Methods of Monitoring Fetal Heart Rate

Jul 23, 2021 Leave a message

Methods of Monitoring Fetal Heart Rate

There are currently three types: stethoscope, fetal heart rate device, and fetal language device.

(1) Stethoscopes are very common and cheap, but they are used to find the position of the fetal heart, which requires relatively high technical requirements and has a low voice, which is difficult for ordinary people to hear.

(2) The fetal heart rate monitor and the fetal speech monitor both use Doppler auscultation technology. The fetal heart rate monitor can be used to listen to the fetal heart rate, and some can display the fetal heart rate through LED or LCD screen.

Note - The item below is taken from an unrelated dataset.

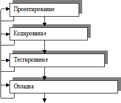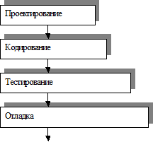 С точки зрения технологий программирования на сегодняшний день существует достаточно много различных моделей одна из них это каскадная модель. Ее суть заключается в том, что этапы проектирования, кодирования, тестирования и отладки связаны в некоторую единую однонаправленную последовательность действий и предполагается линейное движение по этим этапам. Т.е. постановщик задачи общается с заказчиком, получает задачу, формулирует постановку задачи, архитекторы занимаются проектированием. После того так проектирование закончено, уже к вопросам архитектуры и проектирования не возвращаются, т.е. идет уже утвержденное решение архитектурное, которое начинает реализовываться на этапе кодирования. Понятно, что эта модель она немножечко утрированная, потому что такая линейная последовательность без возврата встречается очень редко, хотя из-за того, что кодирование, тестирования и отладка очень часто связаны с некоторыми итерационными вещами. Так или иначе, мы можем в процессе тестирования обнаружить достаточно существенную ошибку, и возникает необходимость на кодирование и т.д

(3) Fetal speech monitor is a smart device that can basically meet the standards for monitoring fetal heart rate at home. It can be used to listen to and record fetal sounds, count heart rate and fetal movement, draw monitoring curves, and allow doctors to remotely listen to fetal heart rates, etc.; it needs to be connected to a mobile phone application , Suitable for pregnant women with Apple and Android phones.

 

How to look at the fetal heart rate monitoring chart?

1. The scoring standard of fetal heart rate monitoring

(1) Baseline fetal heart rate (bpm): 180 beats/minute 0 minutes; 100-119 beats/minute or 161-180 beats/minute 1 minute; 120-160 beats/minute 2 minutes.

(2) Fetal heart rate variability (bpm): <5 0="" 5="" 10="" 1="">10 is 2 points.

(3) Fetal heart rate growth rate (bpm): <5 0="" 5="" 10="" 1="">10 is 2 points.

(4) Fetal heart rate deceleration: 0 points for repeated late deceleration or repeated variant deceleration; 1 point for variant deceleration; 4 points for no or early deceleration.

 

After the fetal heart rate monitoring, a fetal heart rate monitoring sheet will be given. The doctor will score the fetal heart rate monitoring and add up the scores of the above four items. If ≤4 points, it means the fetus is hypoxic, 5-7 points are suspicious, and further action is required. Monitoring; 8-10 points means that the monitoring response is good.

 

2. Contractions

 

According to the frequency of contractions, they can be divided into: normal (observed for at least 30 minutes, an average of ≤5 times every 10 minutes), overly strong (observed for at least 30 minutes, an average of >5 times every 10 minutes). The uterine contraction curve represents the intrauterine pressure, which increases when the uterus contracts, and then stays around 20mmHg. The observation of the contraction curve plays a very important role in judging the deceleration (referring to the slowing down of the fetal heart rate when the contraction occurs). Fetal heart rate deceleration is divided into multiple occurrences (deceleration within 20 minutes accompanied by at least half of the contractions), and intermittent occurrence (deceleration within 20 minutes accompanied by less than half of the contractions). According to the relationship between fetal heart rate and contractions, it can be divided into three categories: early deceleration, variant deceleration, and late deceleration.

 

3. Baseline Fetal Heart Rate

 

The normal range of the baseline fetal heart rate: my country stipulates that it is 120-160 beats/min. Fetal heart rate <120 beats/minute or> 160 beats/minute for more than 10 minutes is called fetal heart rate bradycardia or fetal heart rate tachycardia. Fetal bradycardia can be seen in prolonged pregnancy, transverse occipital position, fetal congenital heart disease, or myocardial conduction defect. It can also be seen in pregnant women with hypothermia, hypoglycemia, hypothyroidism, and β-blockers. It often does not happen suddenly and generally does not require emergency intervention. Fetal tachycardia is often related to pregnant women with fever, infection, fetal anemia or hypoxia, hyperthyroidism, fetal tachyarrhythmia, or due to the use of sympathetic nerve agonists or parasympathetic nerve blockers.

 

Fetal heart rate monitoring normal value

 

There are two lines on the fetal heart rate monitoring chart, the upper one is the basic fetal heart rate line, which is generally expressed as a straight line of waveform. When the fetal movement occurs, the heart rate will rise, showing an upward protruding curve, and will slowly decrease after the fetal movement ends. The lower line represents the intrauterine pressure, which increases only during contractions, and then remains at about 2.66kPa (20mmHg).